▶ _Dataset extract_
⟨
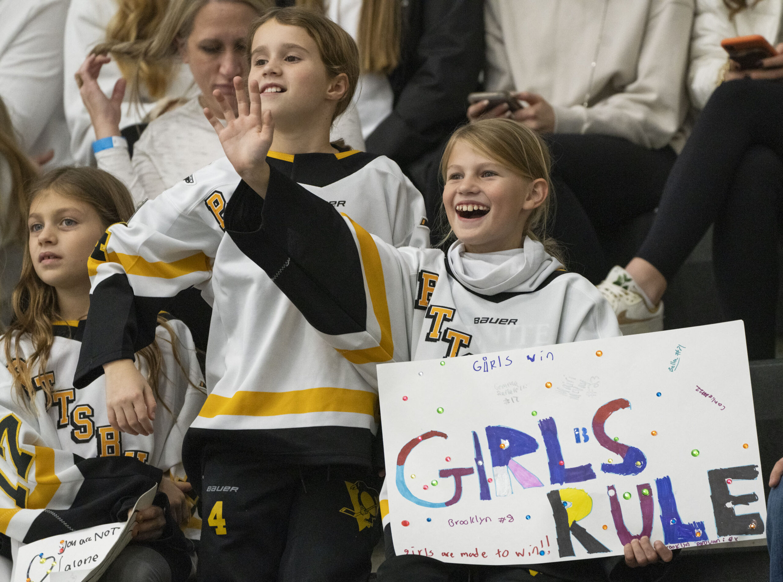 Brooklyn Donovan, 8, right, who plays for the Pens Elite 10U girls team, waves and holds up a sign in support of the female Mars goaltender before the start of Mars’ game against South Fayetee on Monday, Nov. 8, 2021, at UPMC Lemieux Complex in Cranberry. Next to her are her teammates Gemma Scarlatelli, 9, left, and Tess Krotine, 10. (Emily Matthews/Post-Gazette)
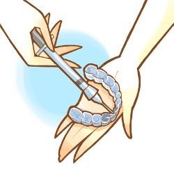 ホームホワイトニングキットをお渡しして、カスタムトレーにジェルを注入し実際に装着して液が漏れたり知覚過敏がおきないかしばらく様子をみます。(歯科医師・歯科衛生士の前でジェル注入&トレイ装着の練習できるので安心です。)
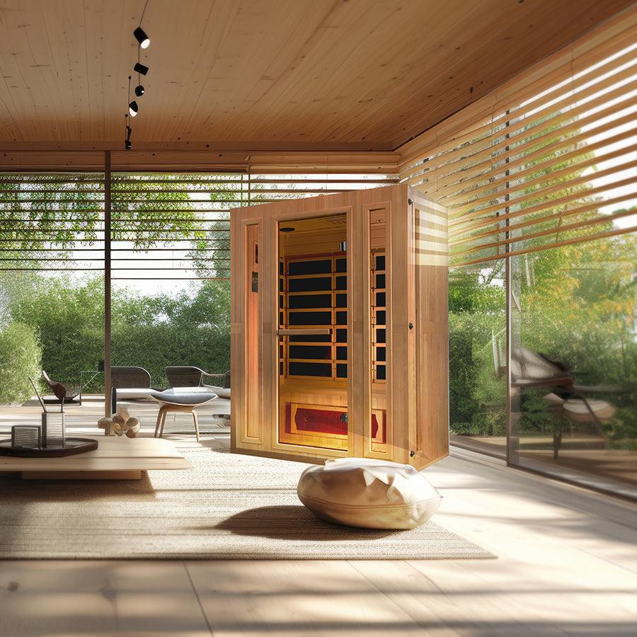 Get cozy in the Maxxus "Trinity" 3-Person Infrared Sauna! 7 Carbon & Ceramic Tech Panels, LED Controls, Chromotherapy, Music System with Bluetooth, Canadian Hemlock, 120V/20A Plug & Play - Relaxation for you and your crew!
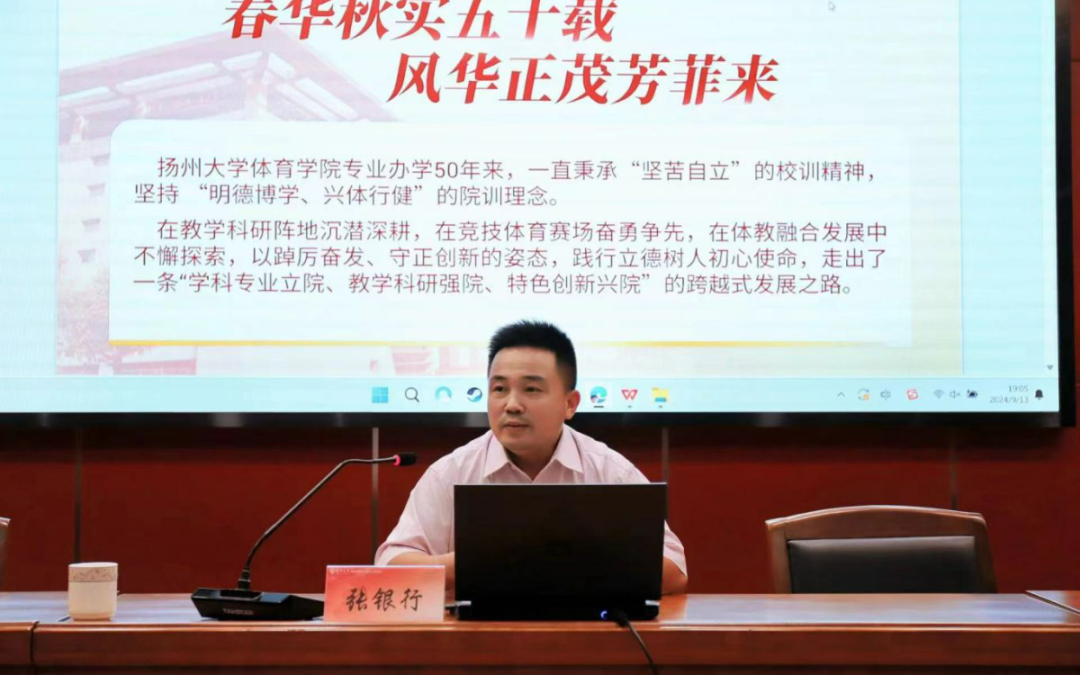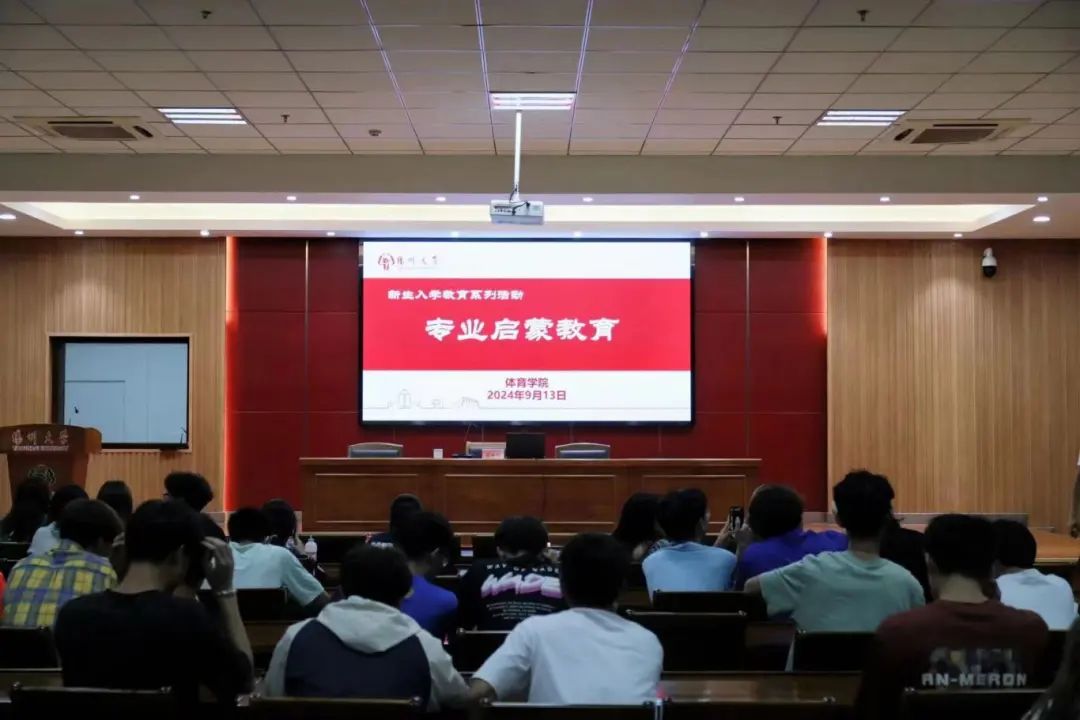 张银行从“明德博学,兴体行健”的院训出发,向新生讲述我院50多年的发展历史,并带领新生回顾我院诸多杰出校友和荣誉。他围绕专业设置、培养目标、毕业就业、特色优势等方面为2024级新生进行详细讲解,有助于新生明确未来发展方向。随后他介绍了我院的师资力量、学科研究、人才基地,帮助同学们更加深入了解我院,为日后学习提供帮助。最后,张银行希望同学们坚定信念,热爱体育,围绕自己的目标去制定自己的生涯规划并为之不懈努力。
⟩
▶ _Assignment_
Would you transcribe the whole listing above exactly? The pictures should not be included.

▶ _Written solution_
 Brooklyn Donovan, 8, right, who plays for the Pens Elite 10U girls team, waves and holds up a sign in support of the female Mars goaltender before the start of Mars’ game against South Fayetee on Monday, Nov. 8, 2021, at UPMC Lemieux Complex in Cranberry. Next to her are her teammates Gemma Scarlatelli, 9, left, and Tess Krotine, 10. (Emily Matthews/Post-Gazette)
 ホームホワイトニングキットをお渡しして、カスタムトレーにジェルを注入し実際に装着して液が漏れたり知覚過敏がおきないかしばらく様子をみます。(歯科医師・歯科衛生士の前でジェル注入&トレイ装着の練習できるので安心です。)
 Get cozy in the Maxxus "Trinity" 3-Person Infrared Sauna! 7 Carbon & Ceramic Tech Panels, LED Controls, Chromotherapy, Music System with Bluetooth, Canadian Hemlock, 120V/20A Plug & Play - Relaxation for you and your crew!
 张银行从“明德博学,兴体行健”的院训出发,向新生讲述我院50多年的发展历史,并带领新生回顾我院诸多杰出校友和荣誉。他围绕专业设置、培养目标、毕业就业、特色优势等方面为2024级新生进行详细讲解,有助于新生明确未来发展方向。随后他介绍了我院的师资力量、学科研究、人才基地,帮助同学们更加深入了解我院,为日后学习提供帮助。最后,张银行希望同学们坚定信念,热爱体育,围绕自己的目标去制定自己的生涯规划并为之不懈努力。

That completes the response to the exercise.